The World Wide Web: Crash Course Computer Science #30
Summary
TLDR这段视频脚本深入探讨了互联网和万维网(World Wide Web)的区别,以及万维网是如何在互联网的基础上运行的。万维网是一个庞大的分布式应用程序,通过全球数百万服务器上的网页来访问,而网页则是通过超链接(hyperlinks)相互连接的文档。视频还介绍了超文本(hypertext)的概念,以及如何使用统一资源定位器(URL)和超文本传输协议(HTTP)来定位和请求网页。此外,还讲述了超文本标记语言(HTML)的发展,以及它如何被用来创建和链接网页。视频还回顾了网络浏览器的起源,包括第一个网络浏览器和网络服务器的创建者蒂姆·伯纳斯-李(Tim Berners-Lee)的工作,以及随后出现的多种浏览器和服务器。
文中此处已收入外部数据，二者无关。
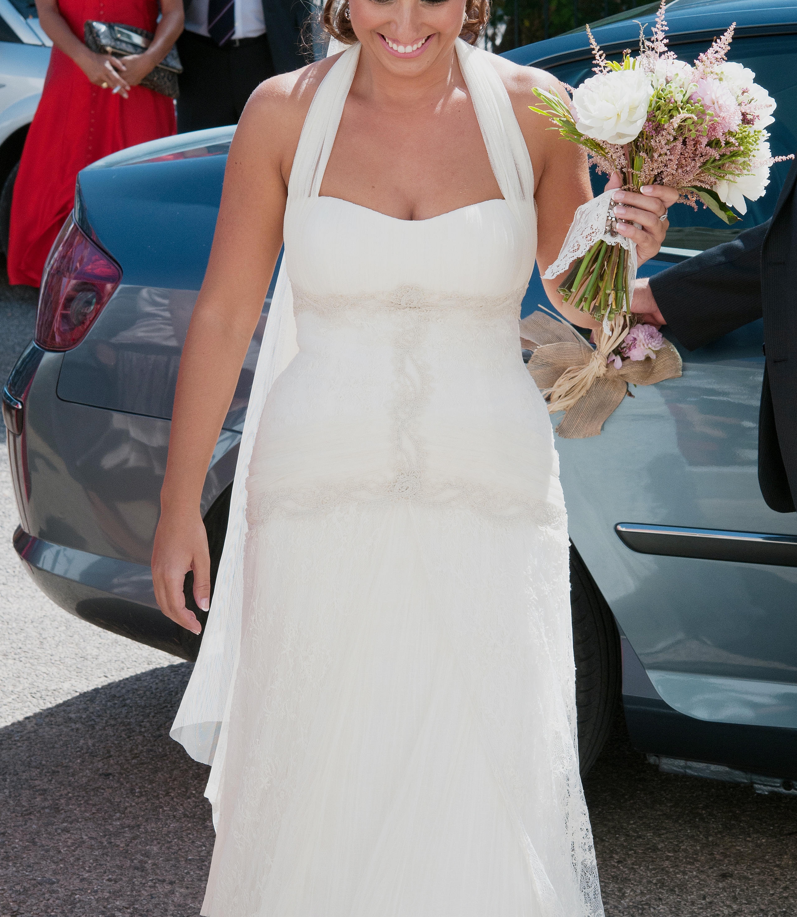 Os regalo el velo que es muy bonito y tiene el mismo tono y color que el vestido.

最后,视频讨论了网络中立性(Net Neutrality)的概念,这是一个关于互联网上所有数据包是否应被平等对待的重要议题,以及这一原则对创新和技术发展的潜在影响。
Takeaways
- 🌐 互联网和万维网(World Wide Web)是两个不同的概念,万维网是建立在互联网之上的。
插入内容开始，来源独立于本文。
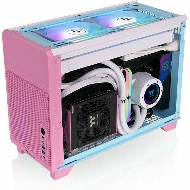 The TR100 Bubble Pink supports graphics cards up to 360mm in length and 70mm in thickness. The detachable rear PCI-E panel and integrated GPU holder make it easy to install and secure large, thick GPUs in a portable gaming system.
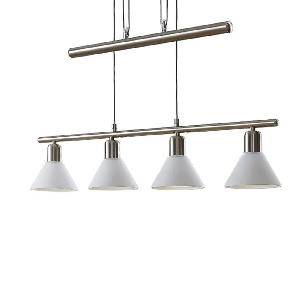 Delira højdejusterbar pendellampe i bjælkeform med fire hvide skærme og en ramme i satineret nikkel Delira-pendellampen er designet til brug over et bord eller en disk og har en langstrakt bjælkeform og en integreret mekanisme til at justere højden med et par enkle trin. Rammen er i en moderne udseende nikkelfarve med satinfinish, og skærmene er helt hvide og lavet af glas, hvilket skaber en smuk, hyggelig lyseffekt, når hængelampen er i brug.

- 🔗 超链接(hyperlinks)是万维网的基本构成元素,它允许用户从一个文档轻松跳转到另一个文档。
- 📄 万维网的文档称为网页,这些文档通过超文本(hypertext)的形式存在,可以通过网络浏览器检索和渲染。
- 🌐 每个网页都需要一个唯一的地址,即统一资源定位器(URL),用于在互联网上定位资源。
- 📡 当用户请求一个网页时,计算机首先进行DNS查询,将域名解析为IP地址,然后通过TCP连接到目标服务器。
- 🗨️ 超文本传输协议(HTTP)是用于从服务器请求网页的标准协议,最初的HTTP 0.9版本仅有一个命令“GET”。
- 📝 超文本标记语言(HTML)是用于创建网页的标记语言,它定义了网页的结构和内容。
- 🔍 搜索引擎的发展极大地方便了用户查找信息,最初的搜索引擎通过爬虫程序索引网页,而现代搜索引擎如Google则使用复杂的算法来提高搜索质量。
- 🏗️ 第一个网络浏览器和服务器是由蒂姆·伯纳斯-李(Tim Berners-Lee)在1990年开发的,他同时创建了URL、HTML和HTTP等基础网络标准。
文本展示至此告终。